How is your organization modeling AI compute costs against capability improvement? Are you optimizing your agent workflows, or paying the full token tax? Are these numbers ludicrous? If you'd like help getting up the agentic coding curve, drop me a note.


References

[1] Stanford HAI, "The 2025 AI Index Report," 2025. (280x cost reduction for GPT-3.5-equivalent inference in under two years.)

[2] Epoch AI, "LLM inference prices have fallen rapidly but unequally across tasks," 2025. (Median ~50x/year cost decline; range 9x to 900x depending on benchmark.)

[3] Epoch AI / arXiv, "The Price of Progress: Algorithmic Efficiency and the Falling Cost of AI Inference," Nov 2025. (Algorithmic efficiency ~3x/year; hardware efficiency ~1.3x/year.)

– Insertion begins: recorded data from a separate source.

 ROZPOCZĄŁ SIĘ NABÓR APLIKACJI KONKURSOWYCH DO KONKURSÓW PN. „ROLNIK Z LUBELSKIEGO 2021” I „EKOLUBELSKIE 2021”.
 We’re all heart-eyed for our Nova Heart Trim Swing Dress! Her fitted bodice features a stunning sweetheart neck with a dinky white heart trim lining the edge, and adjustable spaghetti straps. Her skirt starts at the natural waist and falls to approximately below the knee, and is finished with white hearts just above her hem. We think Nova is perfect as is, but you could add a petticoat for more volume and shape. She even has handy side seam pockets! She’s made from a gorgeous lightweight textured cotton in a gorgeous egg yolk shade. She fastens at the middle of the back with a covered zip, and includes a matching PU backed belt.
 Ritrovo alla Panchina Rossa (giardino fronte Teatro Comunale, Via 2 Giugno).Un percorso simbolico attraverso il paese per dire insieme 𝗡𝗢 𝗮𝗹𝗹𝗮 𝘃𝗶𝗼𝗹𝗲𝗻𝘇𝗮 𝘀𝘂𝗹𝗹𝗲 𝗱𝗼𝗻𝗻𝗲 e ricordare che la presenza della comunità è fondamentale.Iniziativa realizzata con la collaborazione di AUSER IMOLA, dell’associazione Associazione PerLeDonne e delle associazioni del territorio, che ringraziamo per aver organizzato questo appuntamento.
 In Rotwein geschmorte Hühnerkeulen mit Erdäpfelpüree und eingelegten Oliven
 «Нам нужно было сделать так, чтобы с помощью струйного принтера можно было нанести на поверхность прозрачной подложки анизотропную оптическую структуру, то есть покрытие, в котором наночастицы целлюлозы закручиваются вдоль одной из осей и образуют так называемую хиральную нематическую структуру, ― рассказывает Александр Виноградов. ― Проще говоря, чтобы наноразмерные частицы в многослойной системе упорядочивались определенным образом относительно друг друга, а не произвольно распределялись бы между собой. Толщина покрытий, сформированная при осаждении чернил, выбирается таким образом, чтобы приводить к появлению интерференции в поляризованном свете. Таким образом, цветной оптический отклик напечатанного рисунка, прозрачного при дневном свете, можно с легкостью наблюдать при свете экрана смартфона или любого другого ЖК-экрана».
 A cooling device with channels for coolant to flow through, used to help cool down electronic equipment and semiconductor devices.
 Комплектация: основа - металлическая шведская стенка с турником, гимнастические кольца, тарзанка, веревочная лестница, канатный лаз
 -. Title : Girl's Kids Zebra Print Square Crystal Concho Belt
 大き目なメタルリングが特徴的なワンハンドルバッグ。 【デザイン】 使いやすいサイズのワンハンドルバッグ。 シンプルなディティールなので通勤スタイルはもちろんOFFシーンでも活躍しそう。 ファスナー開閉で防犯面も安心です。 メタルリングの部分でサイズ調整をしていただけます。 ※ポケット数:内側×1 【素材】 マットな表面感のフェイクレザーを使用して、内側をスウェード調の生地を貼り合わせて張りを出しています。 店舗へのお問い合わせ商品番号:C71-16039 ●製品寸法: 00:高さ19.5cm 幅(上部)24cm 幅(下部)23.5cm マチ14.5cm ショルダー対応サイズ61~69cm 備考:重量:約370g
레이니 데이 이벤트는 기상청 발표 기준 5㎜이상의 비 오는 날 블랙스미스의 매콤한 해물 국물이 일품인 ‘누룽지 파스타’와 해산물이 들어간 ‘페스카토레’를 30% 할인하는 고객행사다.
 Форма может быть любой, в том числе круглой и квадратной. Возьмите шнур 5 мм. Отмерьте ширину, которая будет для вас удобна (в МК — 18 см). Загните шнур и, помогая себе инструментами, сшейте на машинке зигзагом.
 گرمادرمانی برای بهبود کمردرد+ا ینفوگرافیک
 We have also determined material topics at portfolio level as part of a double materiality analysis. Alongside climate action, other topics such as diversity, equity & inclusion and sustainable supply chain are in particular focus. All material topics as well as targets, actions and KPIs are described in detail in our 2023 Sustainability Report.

[4] Xenoss, "Total cost of ownership for enterprise AI: Hidden costs and ROI factors," 2025. (Enterprise AI cost scaling; API fees as ~10% of total agent system costs.)

[5] Verdent AI, "SWE-bench Verified Technical Report," 2025. (Multi-agent: 76.1% pass@1 vs. single-agent ~43%.)

[6] Lucidate, "Goldman Sachs Scales AI Coding to Thousands of Agents," 2025. (Projected 3-4x productivity gains from agent teams.)

[7] Harvard Data Science Review, "The Agent-Centric Enterprise," 2025. (2-10x gains; requires process redesign.)

[8] Gartner, "40% of Enterprise Apps Will Feature AI Agents by 2026," Aug 2025.

[9] Anthropic, "2026 Agentic Coding Trends Report," 2026.

[10] Microsoft, "2025 Work Trend Index: The Frontier Firm," Apr 2025.

[11] Bloomberg, "Virginia Data Centers Face Seven-Year Wait for Power," Aug 2024.

[12] IEEFA, "PJM capacity prices up 10x," 2025.

[13] JLL, "North America Data Center Report," 2024/2025. (Occupancy ~97%+.)

[14] CNBC, "AI memory is sold out," Jan 2026. (Prices up 30-60%; 70% of DRAM to AI.)

[15] eWeek, "NVIDIA Blackwell Sold Out," 2024/2025.

[16] McKinsey, "The cost of compute: A $7 trillion race," 2025.

[17] Silicon Data, "H100 Rental Price Over Time." (Peak $8-11/hr; now $2-3.50/hr.)

[18] U.S. Bureau of Labor Statistics, "Productivity and Costs." (~1.5% annual growth, 2007-2019.)

[19] Erik Brynjolfsson et al., "The Productivity J-Curve," AEJ: Macroeconomics, 2021. Also: Fortune, "AI Productivity Liftoff," Feb 2026.

[20] METR, "Measuring the Impact of Early-2025 AI on Developer Productivity," Jul 2025. (Experienced devs 19% slower with AI; believed 20% faster.)

[21] MIT Sloan, "The Productivity Paradox of AI Adoption," 2025. (~2-year dip before gains.)

[22] McKinsey, "Superagency in the Workplace," Jan 2025. (92% increasing AI spend; 1% at maturity.)